**TASK TO COMPLETE:**
Copy out each line of the material exactly. Pictures do not belong in the copy.

*** INFORMATION PROVIDED ***

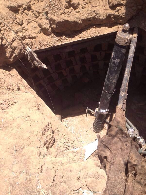 The Paratroopers Brigade soldiers found this terror tunnel in the Gaza strip 17/7/2017 For more updates: The Israel Defense Forces Facebook The Israel Defense Forces blog Follow us on Twitter
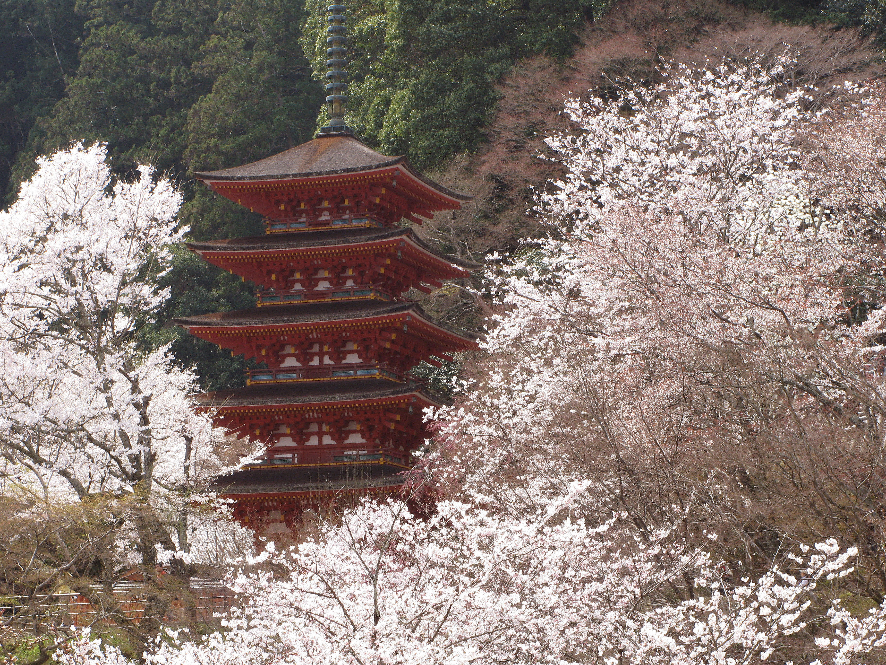 Hase-dera five Storeyed Pagoda and cherry trees
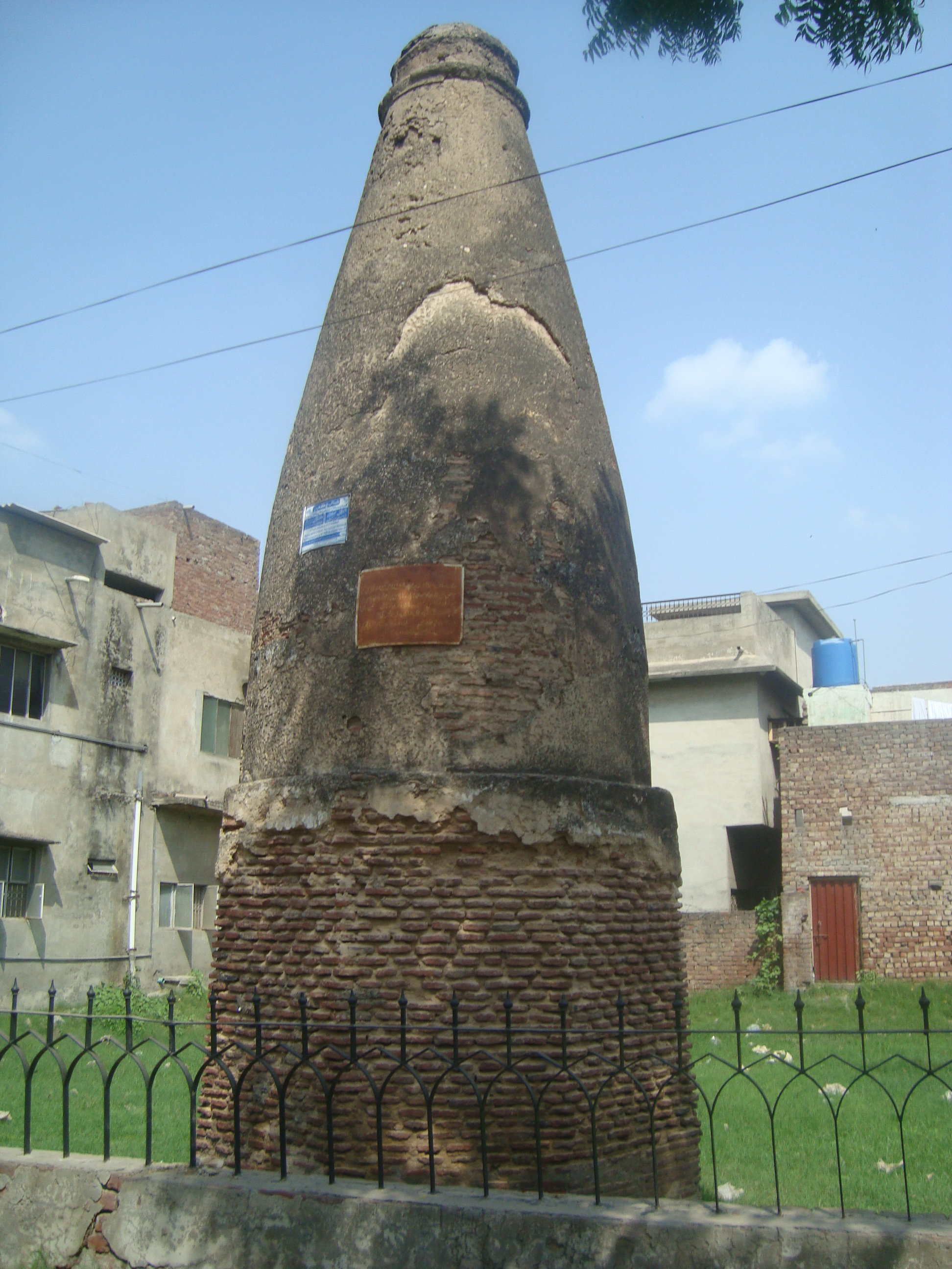 One Kos Minar This is a photo of a monument in Pakistan identified as the PB-75

*** End of INFORMATION PROVIDED ***

**TASK RESPONSE:**
 The Paratroopers Brigade soldiers found this terror tunnel in the Gaza strip 17/7/2017 For more updates: The Israel Defense Forces Facebook The Israel Defense Forces blog Follow us on Twitter
 Hase-dera five Storeyed Pagoda and cherry trees
 One Kos Minar This is a photo of a monument in Pakistan identified as the PB-75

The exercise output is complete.